▶ [Task description]
Below is a listing; retype exactly the lines between the one containing "Vankúš Srdce je" and the one containing "核实证件类型、手机号码无误之", inclusive, minus the pictures.

▶ [Given data]
----
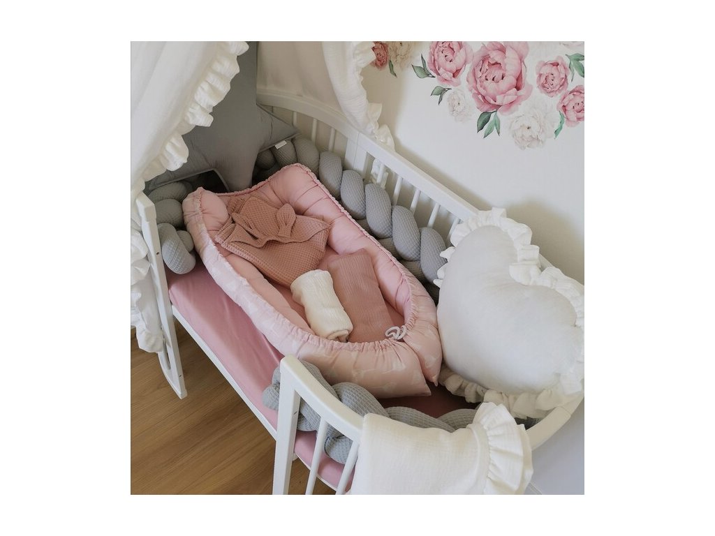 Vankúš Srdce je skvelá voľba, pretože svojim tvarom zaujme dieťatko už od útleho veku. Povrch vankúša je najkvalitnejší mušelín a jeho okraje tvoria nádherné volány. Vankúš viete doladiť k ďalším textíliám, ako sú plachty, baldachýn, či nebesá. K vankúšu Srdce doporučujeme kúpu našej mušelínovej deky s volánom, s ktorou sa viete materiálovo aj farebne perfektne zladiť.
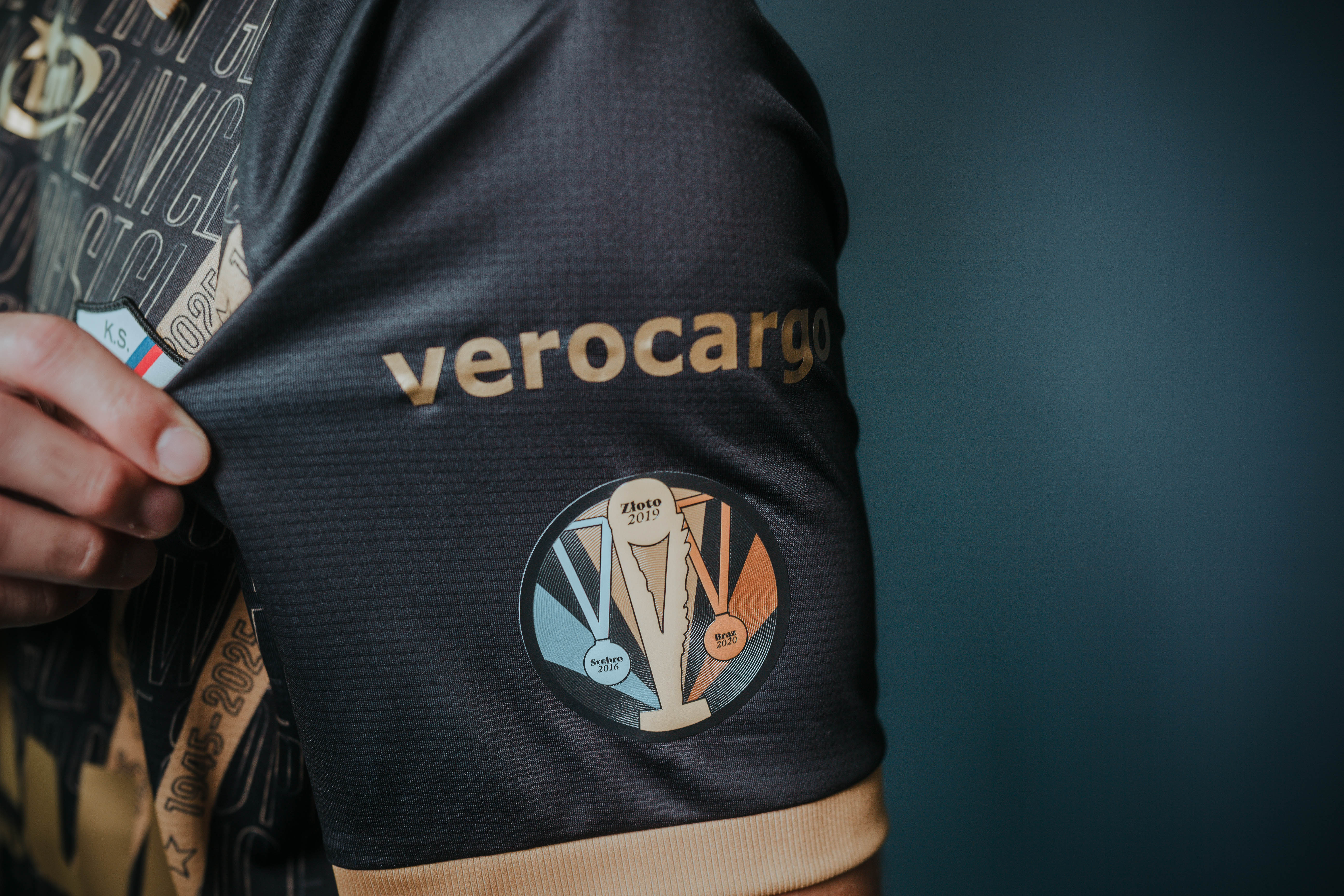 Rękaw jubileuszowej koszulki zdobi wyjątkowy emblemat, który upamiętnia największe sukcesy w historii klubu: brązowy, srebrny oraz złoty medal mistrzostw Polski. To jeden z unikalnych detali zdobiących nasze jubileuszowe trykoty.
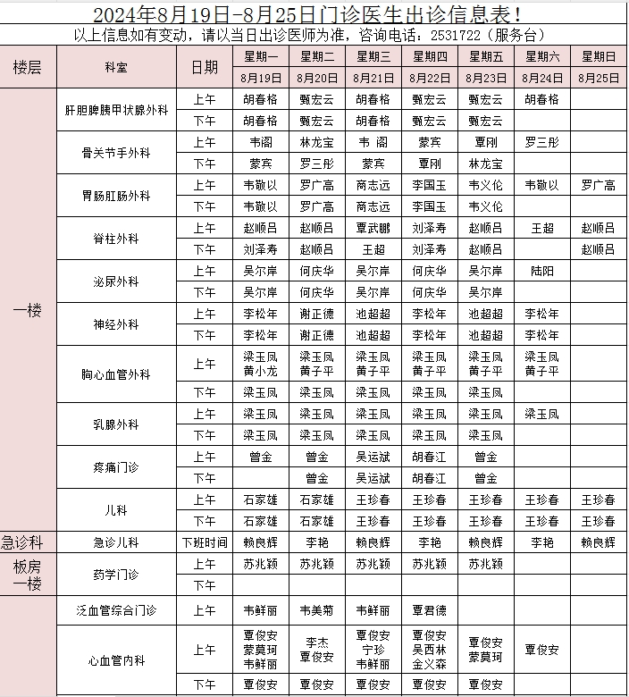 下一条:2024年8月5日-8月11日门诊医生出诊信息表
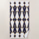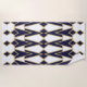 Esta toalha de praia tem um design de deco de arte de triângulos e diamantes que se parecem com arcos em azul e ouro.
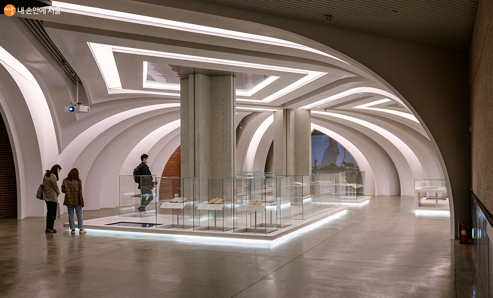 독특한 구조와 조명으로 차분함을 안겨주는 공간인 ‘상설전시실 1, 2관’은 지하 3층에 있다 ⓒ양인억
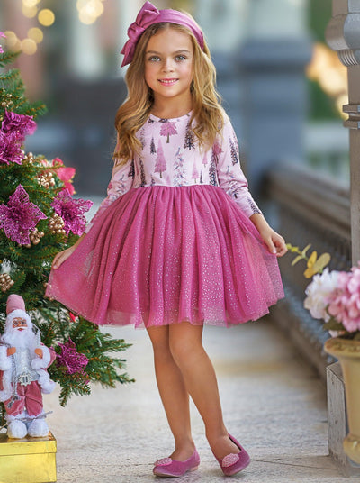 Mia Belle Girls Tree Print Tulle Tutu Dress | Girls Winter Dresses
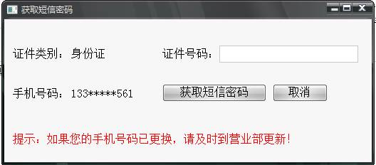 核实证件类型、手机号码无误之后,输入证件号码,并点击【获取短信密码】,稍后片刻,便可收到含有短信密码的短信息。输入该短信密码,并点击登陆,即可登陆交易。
----
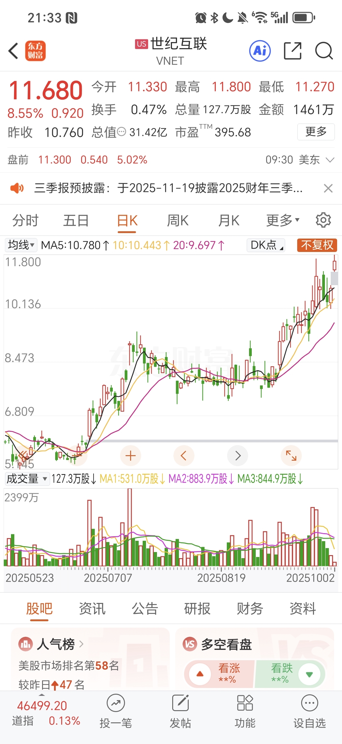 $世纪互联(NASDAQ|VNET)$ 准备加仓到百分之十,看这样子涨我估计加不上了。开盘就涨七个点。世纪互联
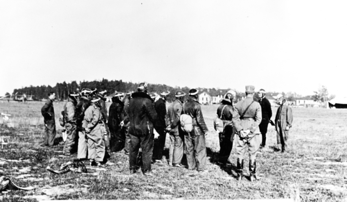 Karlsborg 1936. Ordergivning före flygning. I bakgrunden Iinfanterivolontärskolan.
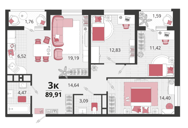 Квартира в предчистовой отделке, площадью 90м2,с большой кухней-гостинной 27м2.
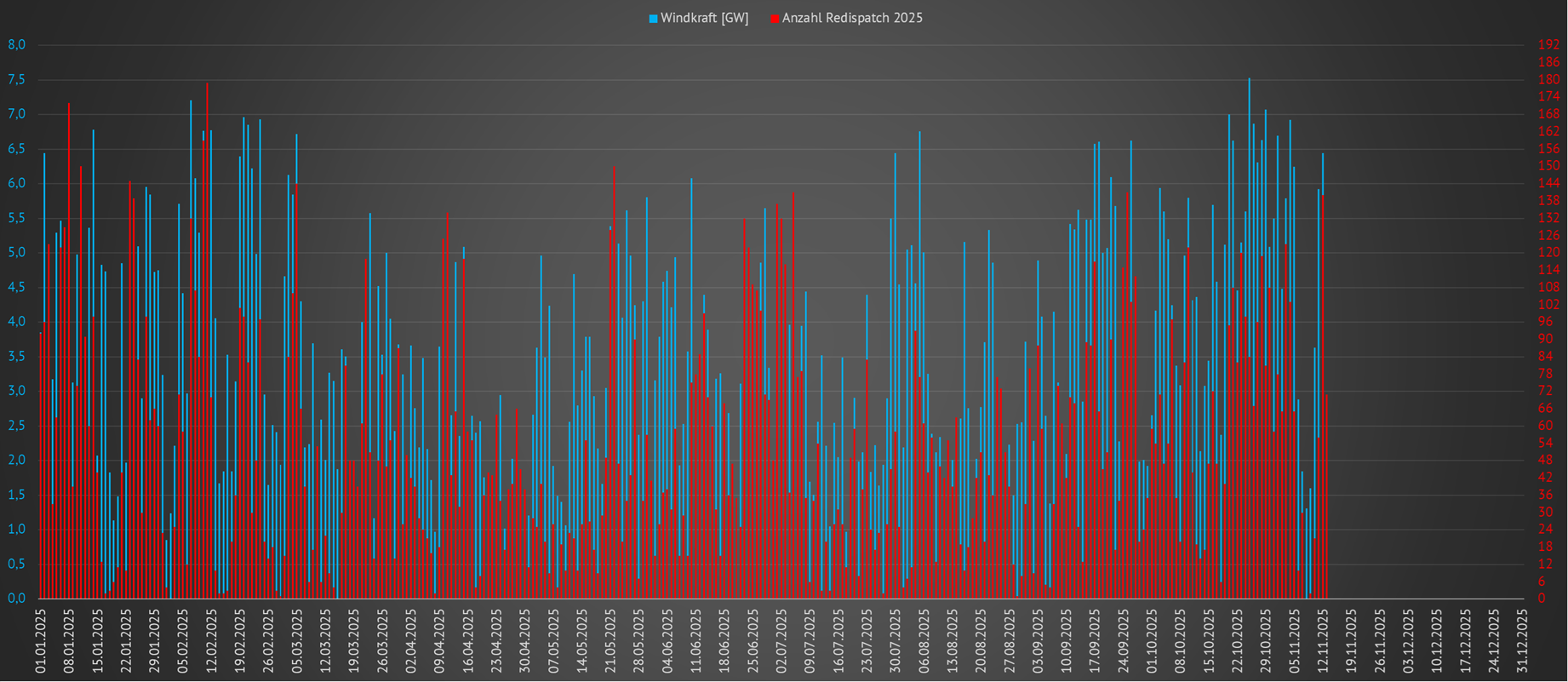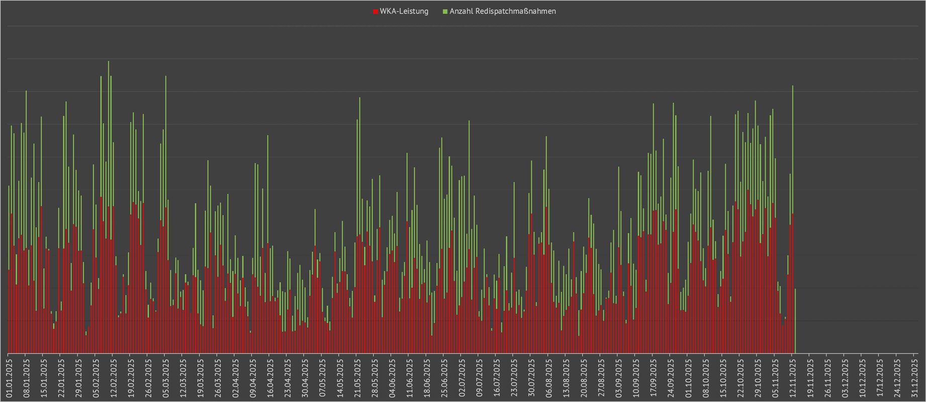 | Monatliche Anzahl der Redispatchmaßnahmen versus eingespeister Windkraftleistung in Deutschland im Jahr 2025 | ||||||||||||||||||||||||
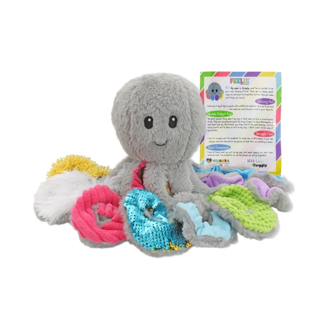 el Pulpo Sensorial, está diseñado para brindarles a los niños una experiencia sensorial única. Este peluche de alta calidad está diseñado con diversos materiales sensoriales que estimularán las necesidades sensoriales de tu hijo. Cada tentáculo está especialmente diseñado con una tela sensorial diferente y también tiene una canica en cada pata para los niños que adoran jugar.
----
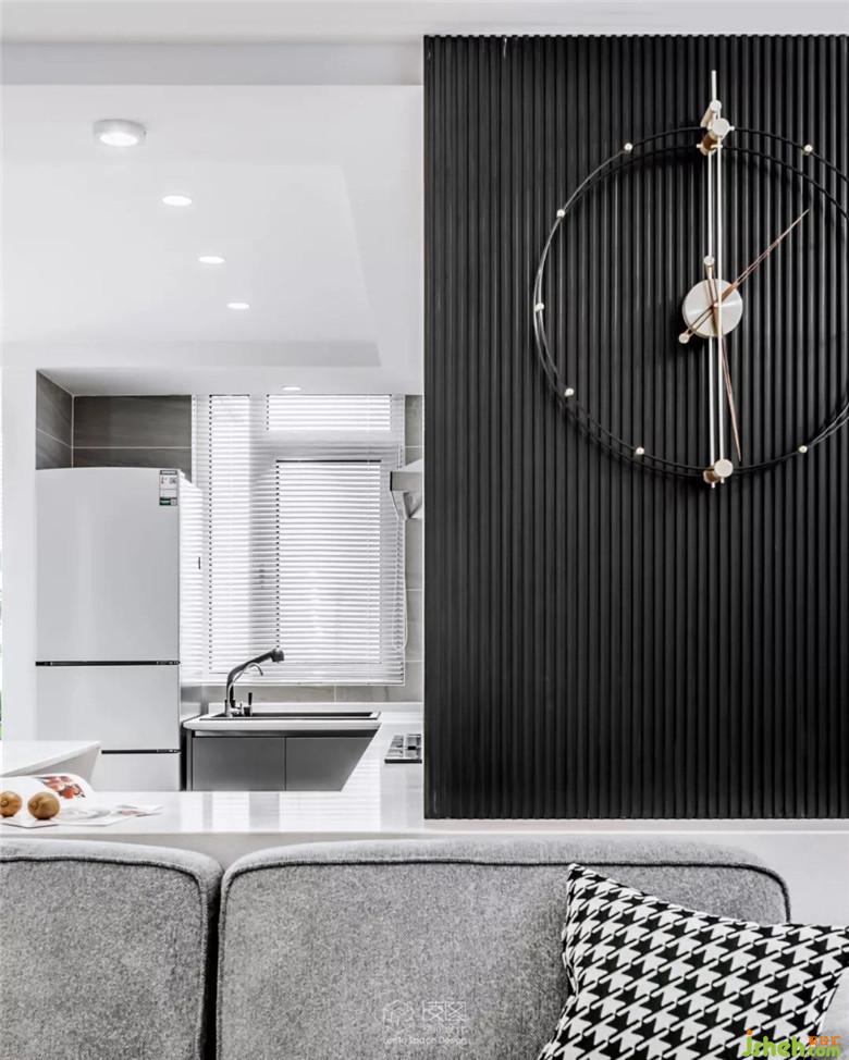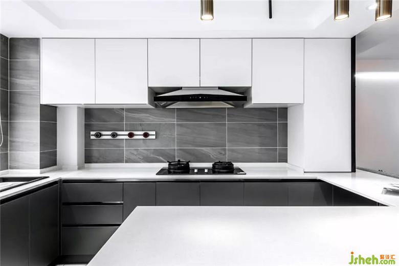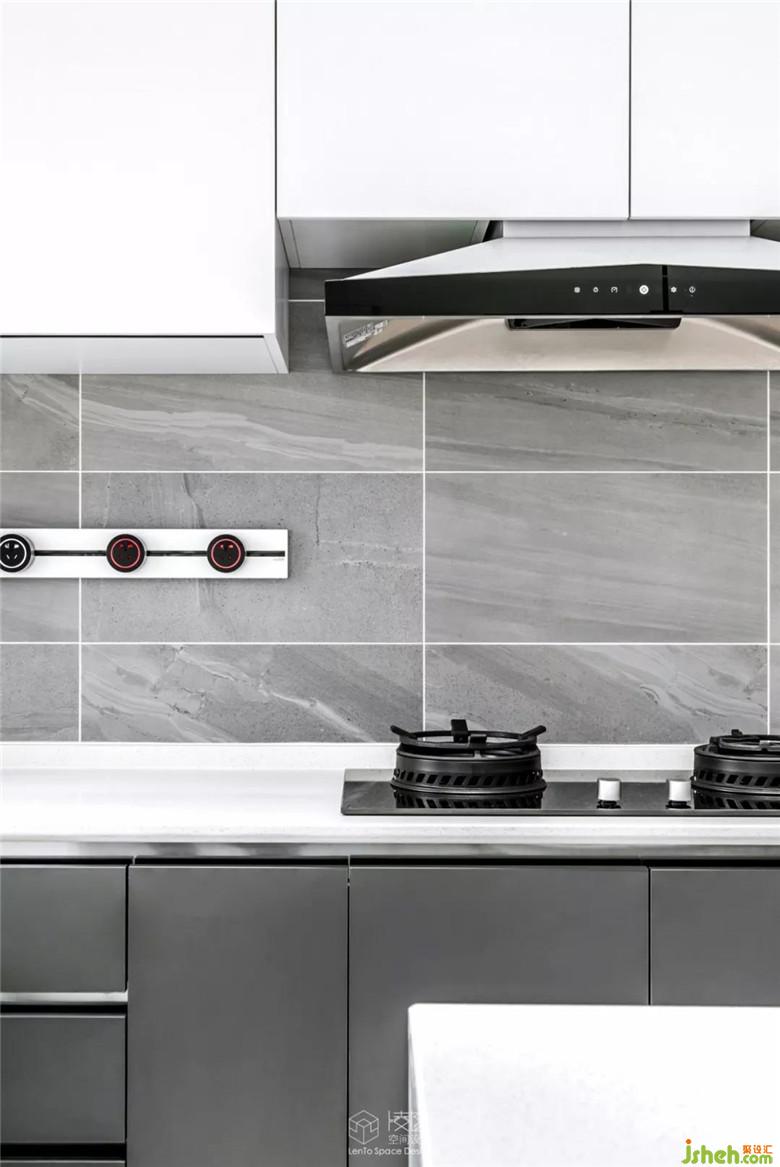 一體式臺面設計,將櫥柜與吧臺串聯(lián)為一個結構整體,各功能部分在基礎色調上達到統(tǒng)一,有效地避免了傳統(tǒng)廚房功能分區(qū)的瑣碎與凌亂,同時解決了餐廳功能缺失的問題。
----
▶ [Task answer]
 Vankúš Srdce je skvelá voľba, pretože svojim tvarom zaujme dieťatko už od útleho veku. Povrch vankúša je najkvalitnejší mušelín a jeho okraje tvoria nádherné volány. Vankúš viete doladiť k ďalším textíliám, ako sú plachty, baldachýn, či nebesá. K vankúšu Srdce doporučujeme kúpu našej mušelínovej deky s volánom, s ktorou sa viete materiálovo aj farebne perfektne zladiť.
 Rękaw jubileuszowej koszulki zdobi wyjątkowy emblemat, który upamiętnia największe sukcesy w historii klubu: brązowy, srebrny oraz złoty medal mistrzostw Polski. To jeden z unikalnych detali zdobiących nasze jubileuszowe trykoty.
 下一条:2024年8月5日-8月11日门诊医生出诊信息表
 Esta toalha de praia tem um design de deco de arte de triângulos e diamantes que se parecem com arcos em azul e ouro.
 독특한 구조와 조명으로 차분함을 안겨주는 공간인 ‘상설전시실 1, 2관’은 지하 3층에 있다 ⓒ양인억
 Mia Belle Girls Tree Print Tulle Tutu Dress | Girls Winter Dresses
 核实证件类型、手机号码无误之后,输入证件号码,并点击【获取短信密码】,稍后片刻,便可收到含有短信密码的短信息。输入该短信密码,并点击登陆,即可登陆交易。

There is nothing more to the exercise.